◆ **EXERCISE**
Starting at the line that contains "Seddel: 5 kr. 1942 bogstav H i kv. 01", reproduce only the lines through the end of the data, exactly, including both the first and the last; skip the pictures.
DATASET EXTRACT START
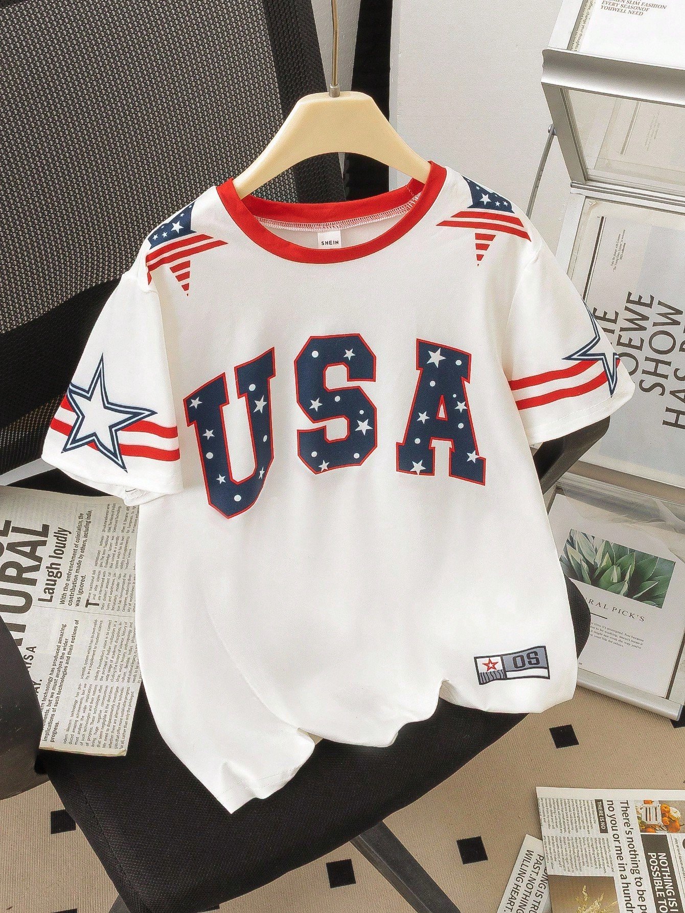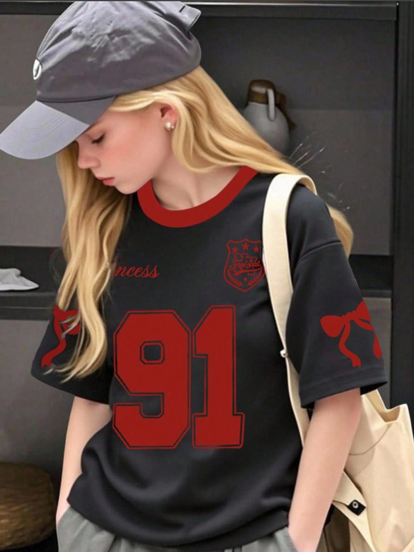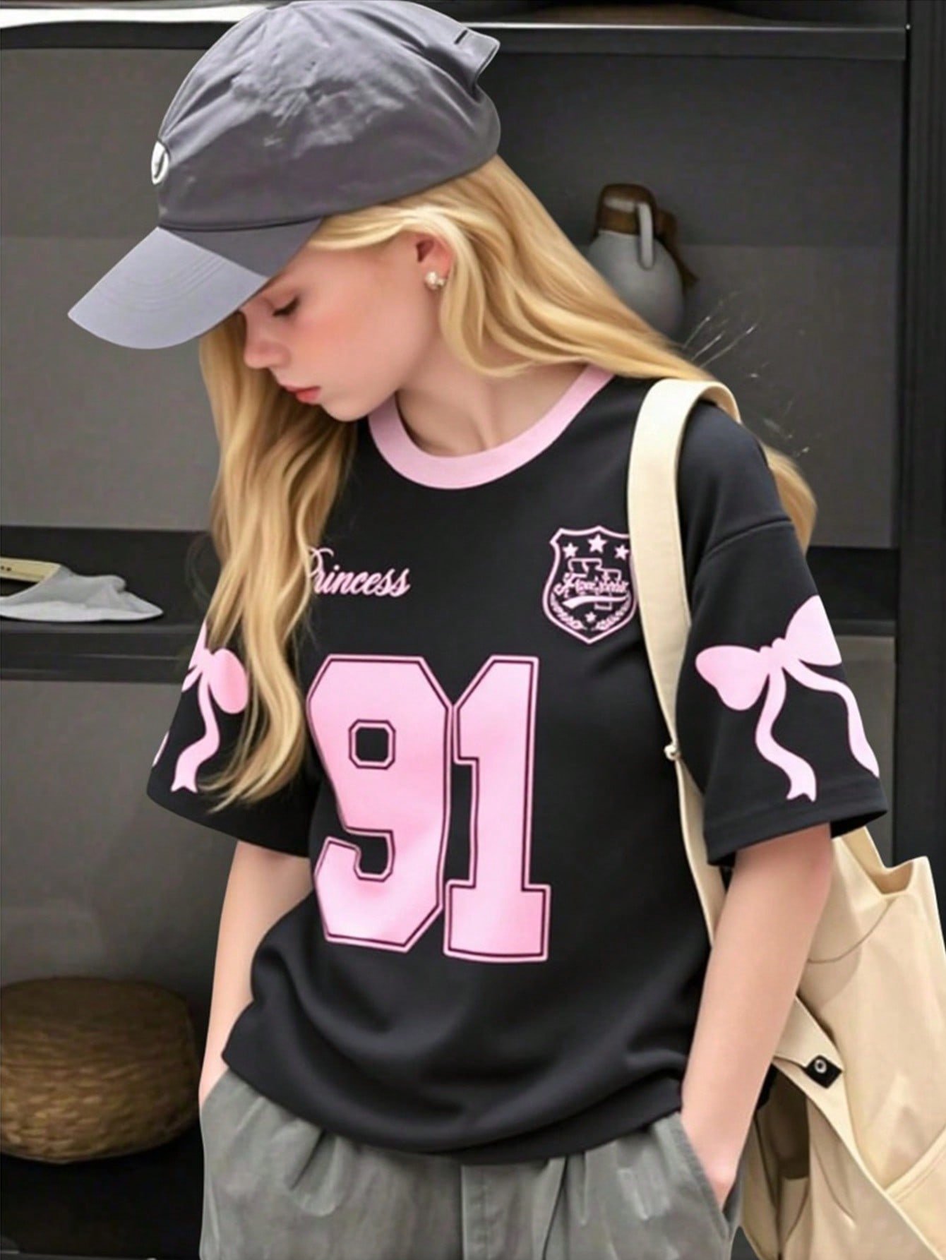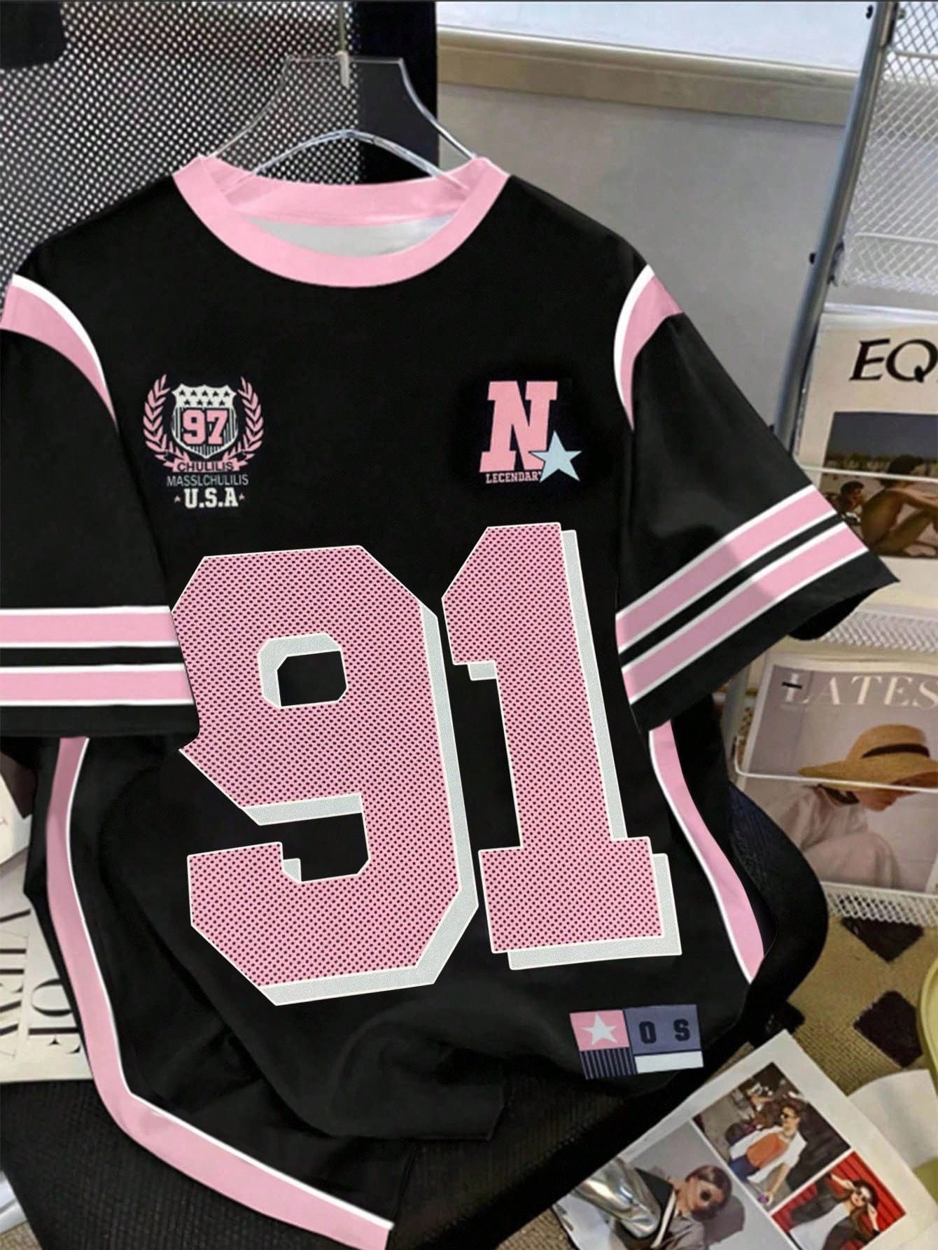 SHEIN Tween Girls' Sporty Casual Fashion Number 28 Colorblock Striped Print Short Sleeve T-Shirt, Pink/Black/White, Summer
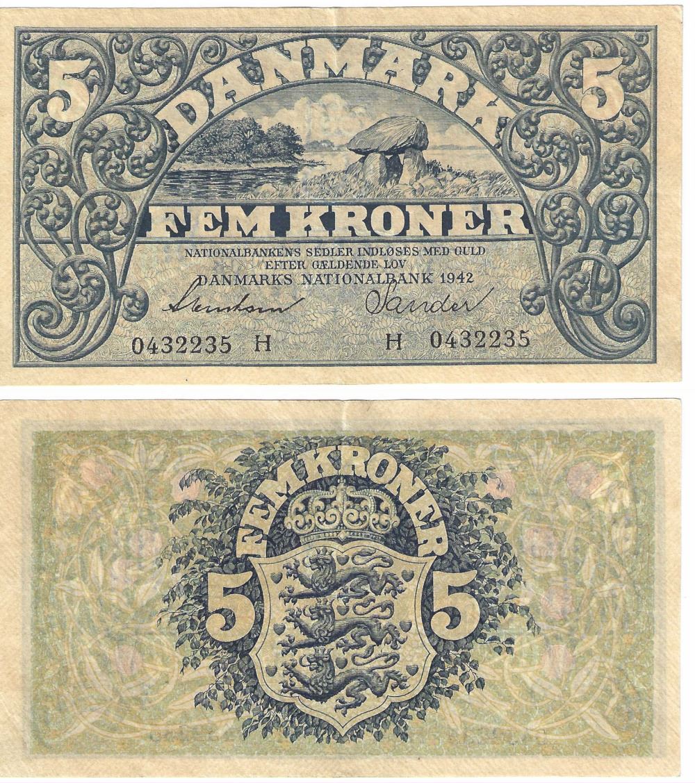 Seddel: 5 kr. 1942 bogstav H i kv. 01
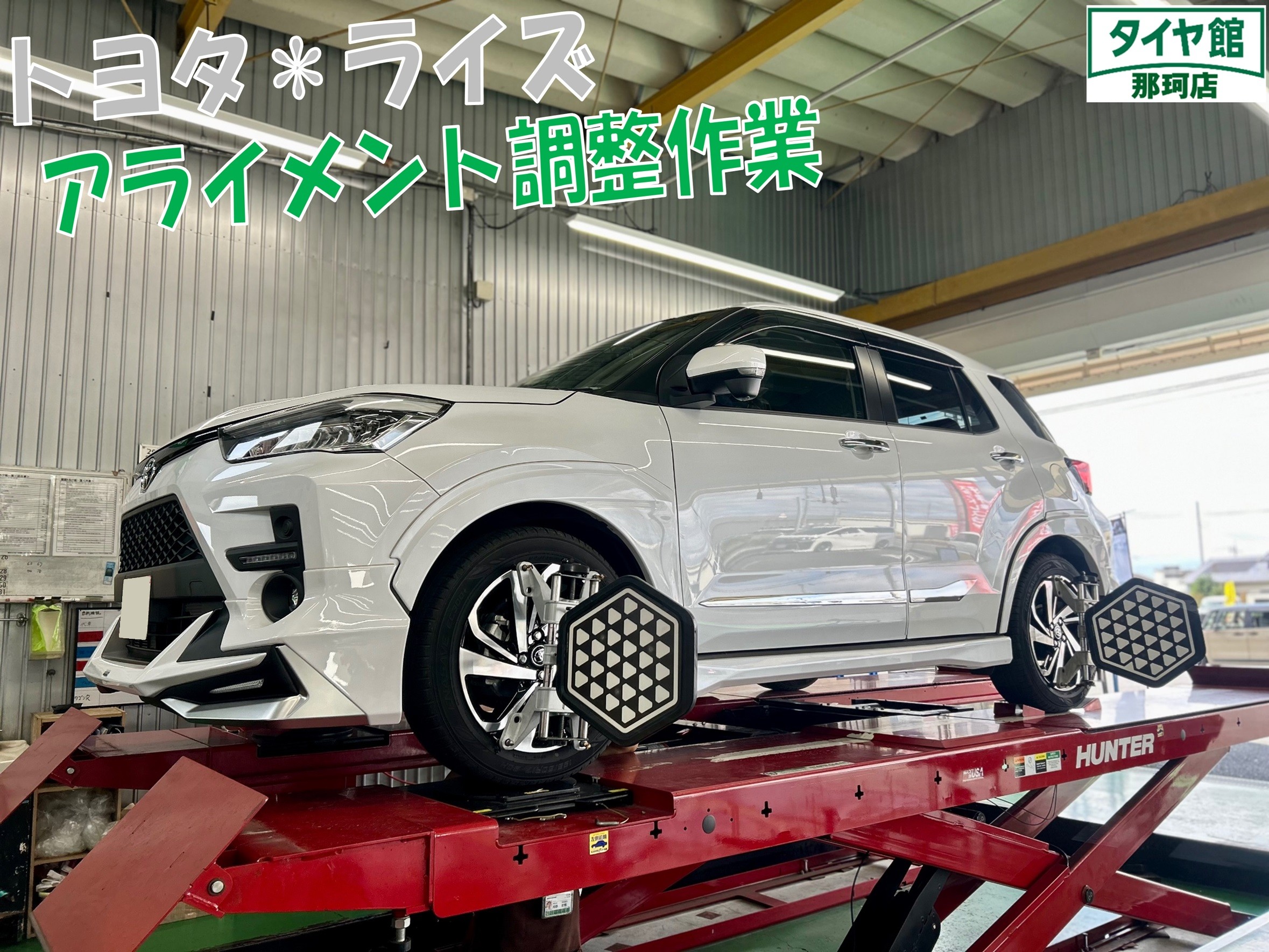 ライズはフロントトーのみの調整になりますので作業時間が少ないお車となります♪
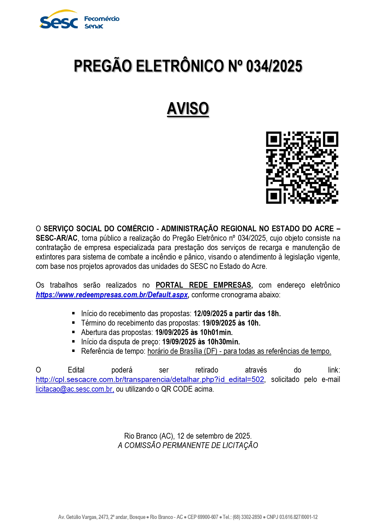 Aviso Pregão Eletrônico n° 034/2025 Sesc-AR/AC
DATASET EXTRACT END
◆ **TASK RESULT**
 Seddel: 5 kr. 1942 bogstav H i kv. 01
 ライズはフロントトーのみの調整になりますので作業時間が少ないお車となります♪
 Aviso Pregão Eletrônico n° 034/2025 Sesc-AR/AC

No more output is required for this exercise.